__TASK TO COMPLETE__. Could you retype exactly the lines below between the one holding "FLS Club Sprint" and the one holding "Figure 3: Strawberries", inclusive, leaving out any pictures?

________________________________________

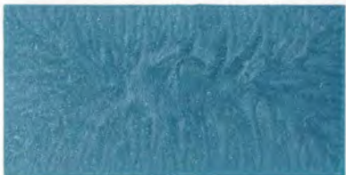
ALPINE BLUE METALLIC
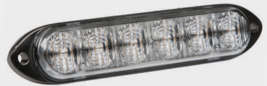
98341 / 98342 / 98343 / 98344 / 98345
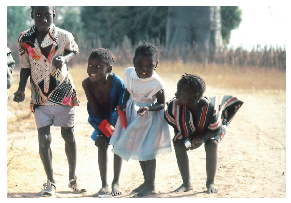
Childhood vaccination in The Gambia

INITIATED IN 1986, THE GAMBIA HEPATITIS INTERVENTION STUDY (GHIS) IS A JOINT ENDEAVOUR OF IARC, THE MEDICAL RESEARCH COUNCIL OF THE UK AND THE GOVERNMENT OF THE REPUBLIC OF THE GAMBIA, AIMED AT ASSESSING THE PROTECTIVE EFFICACY OF INFANT HEPATITIS B VIRUS (HBV) VACCINATION OF INFANTS AGAINST CHRONIC LIVER DISEASE AND LIVER CANCER IN ADULTS. THE GAMBIA, IN WEST AFRICA, IS A COUNTRY OF HIGH ENDEMICITY FOR CHRONIC HBV CARRIAGE. CONTAMINATION OF THE DIET BY AFLATOXIN, A CARCINOGENIC MYCOTOXIN, IS WIDESPREAD. THESE TWO FACTORS HAVE A SYNERGISTIC EFFECT ON THE RISK OF HEPATOCELLULAR CARCINOMA (HCC).
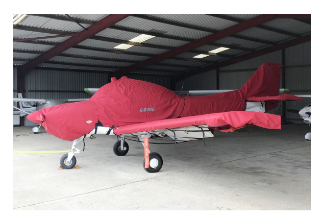
FLS Club Sprint Empennage Cover (Tailboom, Vertical & Horiz Stabilizers) All Year Use
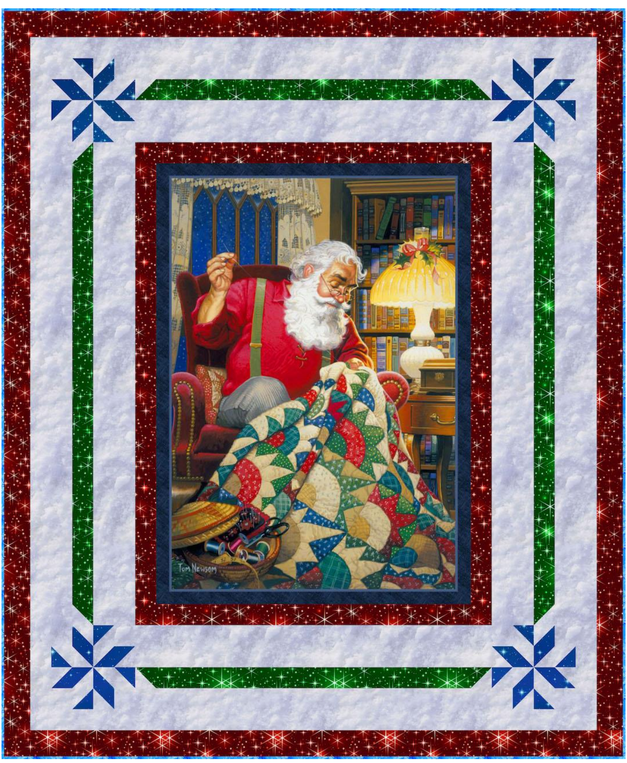
59" x 71"
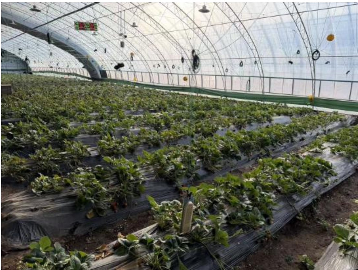
Figure 3: Strawberries grown under protected cultivation. Strawberries have shallow roots ( \approx 15-20 cm) and specific environmental needs.

The achievement of high quality and yield in strawberry production is fundamentally based on a precise understanding and meticulous regulation of its growth characteristics. Compared to other small berries, strawberries have a shorter growth cycle, faster organ turnover, and their economic yield-the fruit-develops directly from the reproductive receptacle [45]. Consequently, they exhibit extremely sensitive and rapid responses to environmental factors and nutritional conditions. A thorough analysis of their core requirements and response mechanisms regarding soil, water, temperature, light, and nutrition forms the theoretical cornerstone for achieving scientific and precise management in protected strawberry cultivation (Fig. 3 shows strawberries grown using protective cultivation methods.).
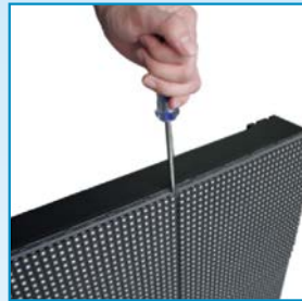
3. Use slot type screwdriver inserted into the gap between the modules.
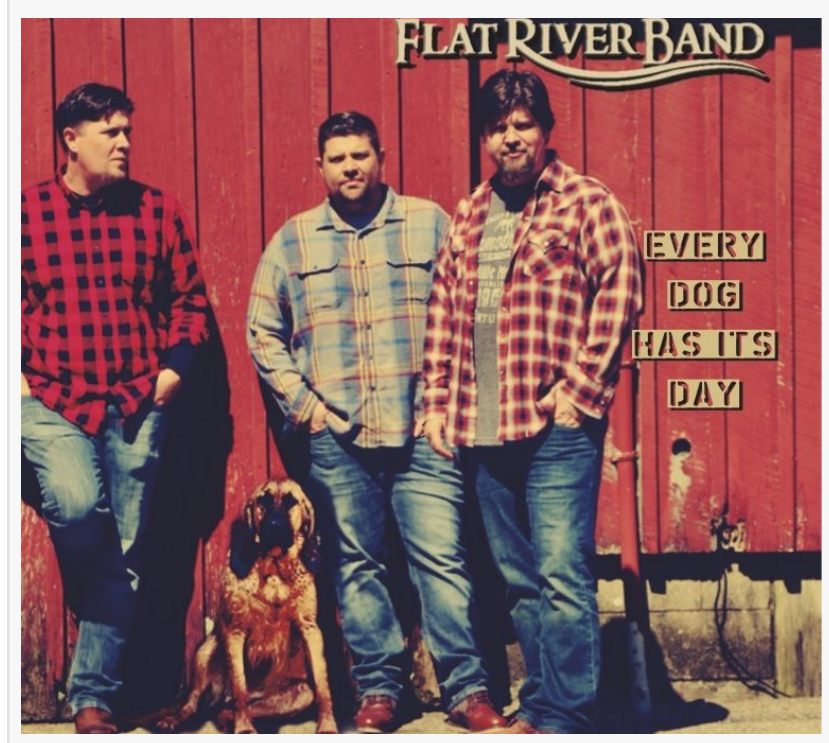
Flat River Band "Every Dog Has Its Day"

This press release can be viewed online at: http://www.einpresswire.com

________________________________________

__YOUR SOLUTION__.
FLS Club Sprint Empennage Cover (Tailboom, Vertical & Horiz Stabilizers) All Year Use
59" x 71"
Figure 3: Strawberries grown under protected cultivation. Strawberries have shallow roots ( \approx 15-20 cm) and specific environmental needs.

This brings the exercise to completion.